LISTED RECORDS:
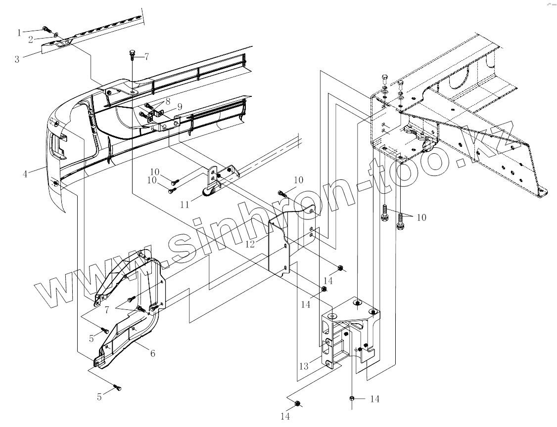 Каталог запасных частей к технике: Foton 3253DLPJE-0RZA01. 1SB2495310212 Bumper module
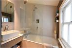 Completing this floor is a well-presented family bathroom, finished with mosaic tiling and comprising a bath with shower above, contemporary WC, heated towel rail and wash-hand basin with storage beneath.
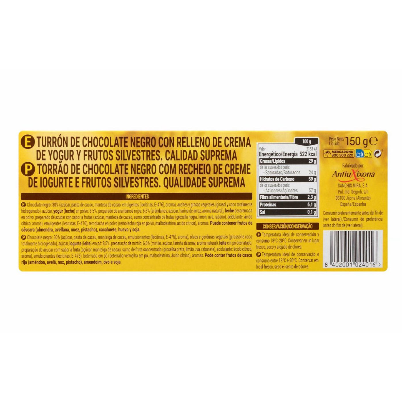 Étcsokoládé 30% (cukor, kakaómassza, kakaóvaj, emulgeálószerek: lecitinek, E-476, aroma), növényi olajok és zsírok (napraforgó és teljesen hidrogénezett kókusz), cukor, joghurtpor (tej) 8,5%, vörösáfonya-készítmény 6,6% (vörösáfonya, cukor, rizsliszt, természetes aroma), sovány tejpor, gyümölcsízű cukorkészítmény (cukor, kakaóvaj, gyümölcskoncentrátumok – feketeribizli, citrom, szőlő, retek –, savanyúságot szabályozó anyag: citromsav, aroma), emulgeálószerek (lecitinek, E-476), céklapor (vöröscéklapor, maltodextrin, citromsav), aromák.
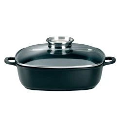 Dieser schlichte Schlemmerbräter im von SSW aus hochwertiger Aluminum-Qualität eignet sich für scharfes Anbraten von Schmorgerichten, Braten, Steaks oder Koteletts. Der Bräter ist besonders energiesparend und kann auf allen gängigen Herdarten genutzt werden, auch Induktion. Ein weiteres Highlight ist der Glasdeckel mit einem Aroma-Knopf zum praktischen Hinzufügen von Flüssigkeiten während des Kochvorgangs.
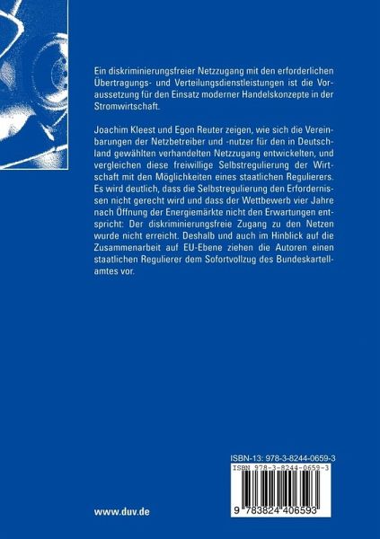 Joachim Kleest und Egon Reuter zeigen, wie sich die Vereinbarungen der Netzbetreiber und -nutzer für den in Deutschland gewählten verhandelten Netzzugang entwickelten, und vergleichen diese freiwillige Selbstregulierung der Wirtschaft mit den Möglichkeiten eines staatlichen Regulierers. Es wird deutlich, dass die Selbstregulierung den Erfordernissen nicht gerecht wird und dass der Wettbewerb vier Jahre nach Öffnung der Energiemärkte nicht den Erwartungen entspricht: Der diskriminierungsfreie Zugang zu den Netzen wurde nicht erreicht. Deshalb und auch im Hinblick auf die Zusammenarbeit auf EU-Ebene ziehen die Autoren einen staatlichen Regulierer dem Sofortvollzug des Bundeskartellamtes vor.
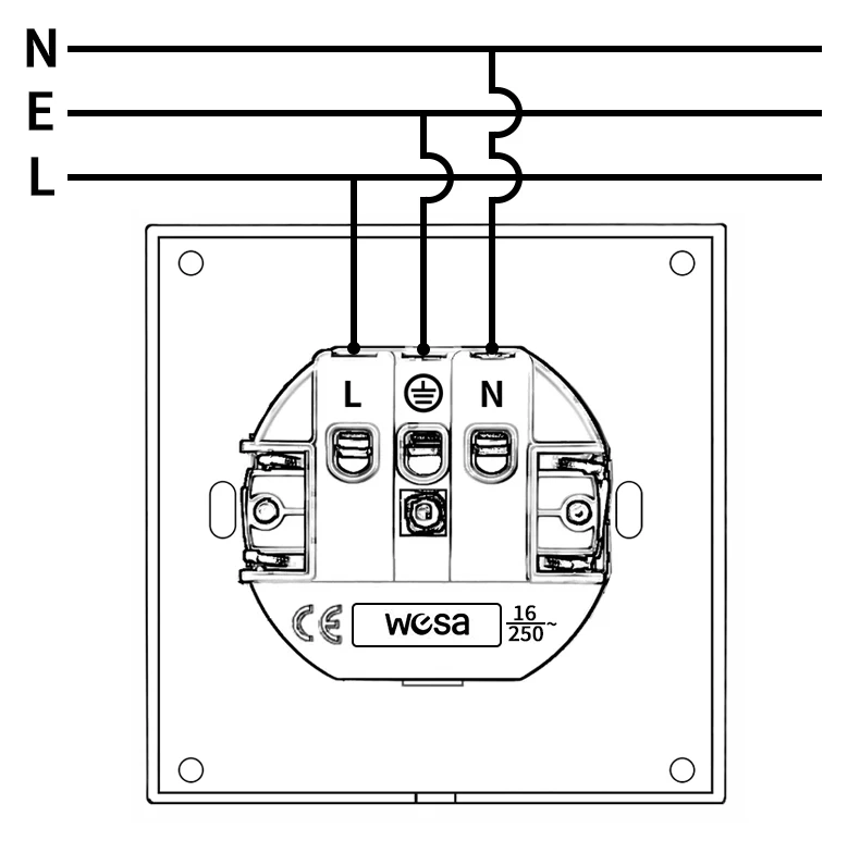 N คือสายศูนย์, L คือสายไฟฟ้ากระแสสลับ, และ E คือสายดิน กรุณาเชื่อมต่อสายไฟตามแผนภาพ
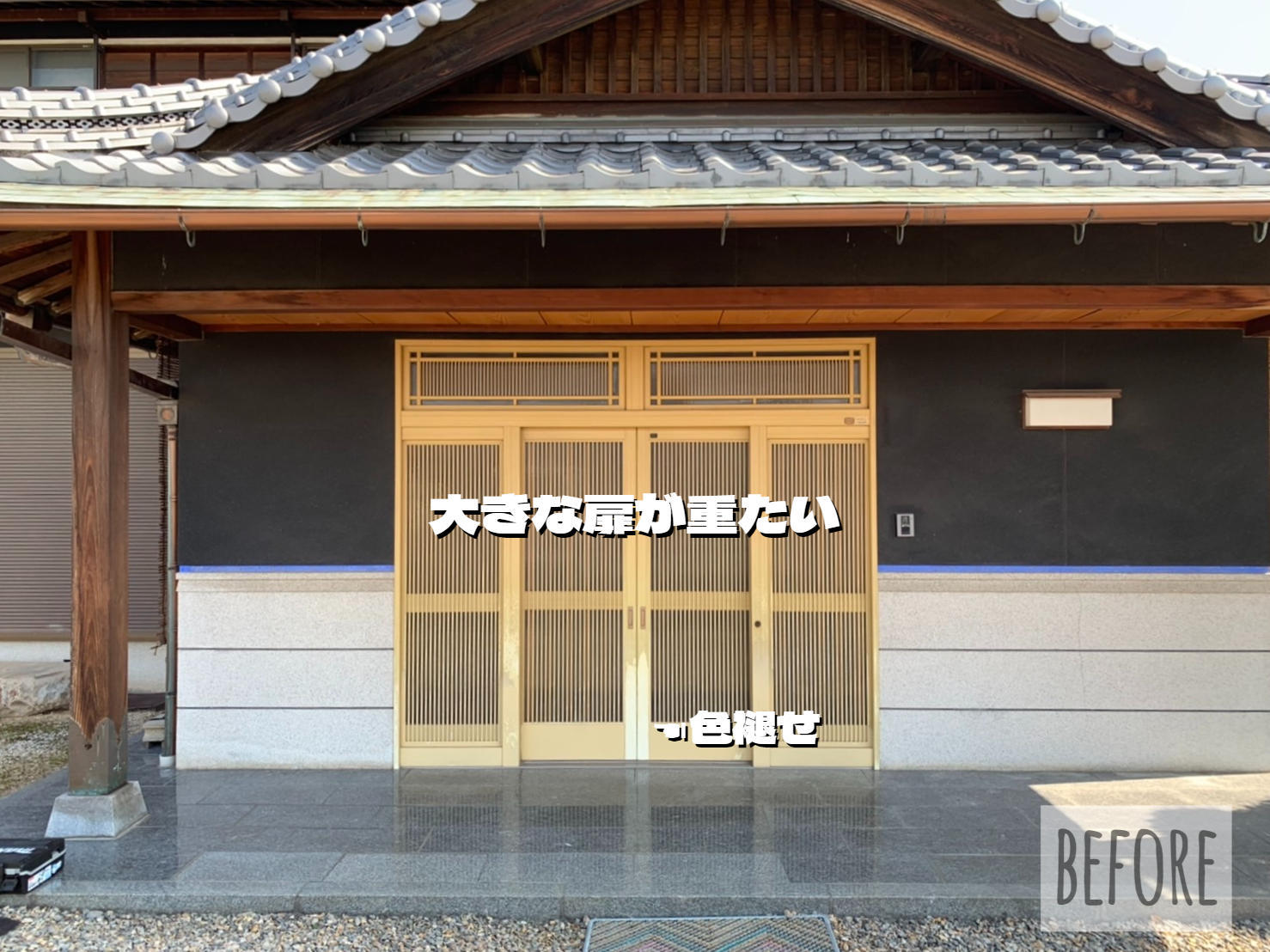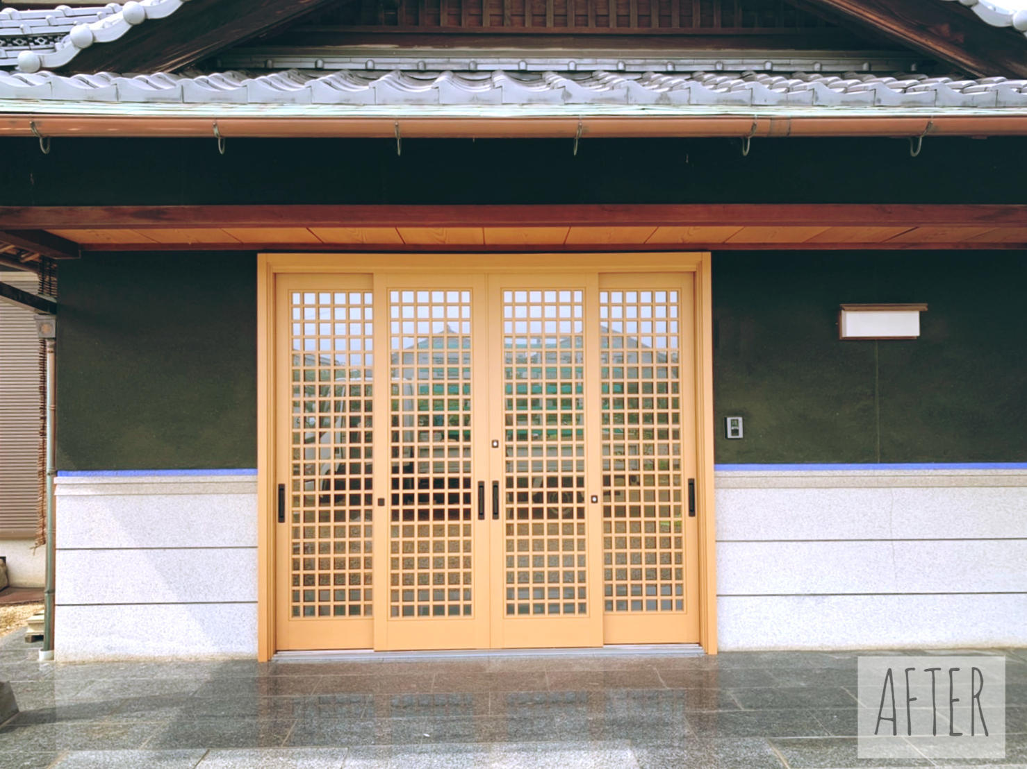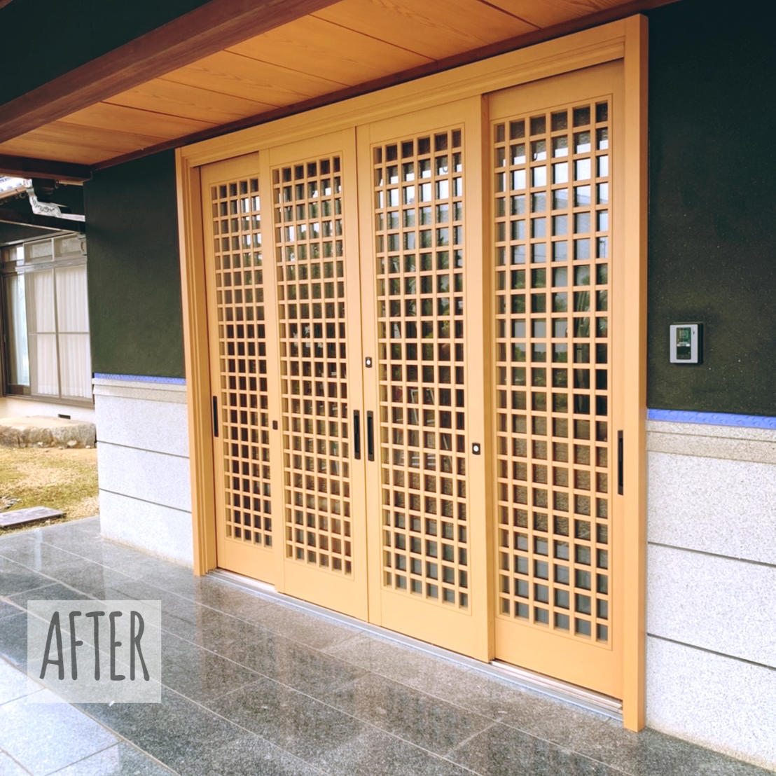 古くなってきたことと防犯面で心配があったため、玄関ドアをお取替えしました。 2ロックタイプ、そして特殊な鍵になりましたので、安心してお過ごしいただけます。 古い引戸は、重かった為新しい引戸の開閉がスムーズになり、大変喜ばれました。

WHAT IS REQUIRED:
Restate, line by line and word for word, everything from the top of the material through the line that contains "maltodextrin, citromsav), aromák.". Leave pictures out.

ANSWER TO THIS EXERCISE:
 Каталог запасных частей к технике: Foton 3253DLPJE-0RZA01. 1SB2495310212 Bumper module
 Completing this floor is a well-presented family bathroom, finished with mosaic tiling and comprising a bath with shower above, contemporary WC, heated towel rail and wash-hand basin with storage beneath.
 Étcsokoládé 30% (cukor, kakaómassza, kakaóvaj, emulgeálószerek: lecitinek, E-476, aroma), növényi olajok és zsírok (napraforgó és teljesen hidrogénezett kókusz), cukor, joghurtpor (tej) 8,5%, vörösáfonya-készítmény 6,6% (vörösáfonya, cukor, rizsliszt, természetes aroma), sovány tejpor, gyümölcsízű cukorkészítmény (cukor, kakaóvaj, gyümölcskoncentrátumok – feketeribizli, citrom, szőlő, retek –, savanyúságot szabályozó anyag: citromsav, aroma), emulgeálószerek (lecitinek, E-476), céklapor (vöröscéklapor, maltodextrin, citromsav), aromák.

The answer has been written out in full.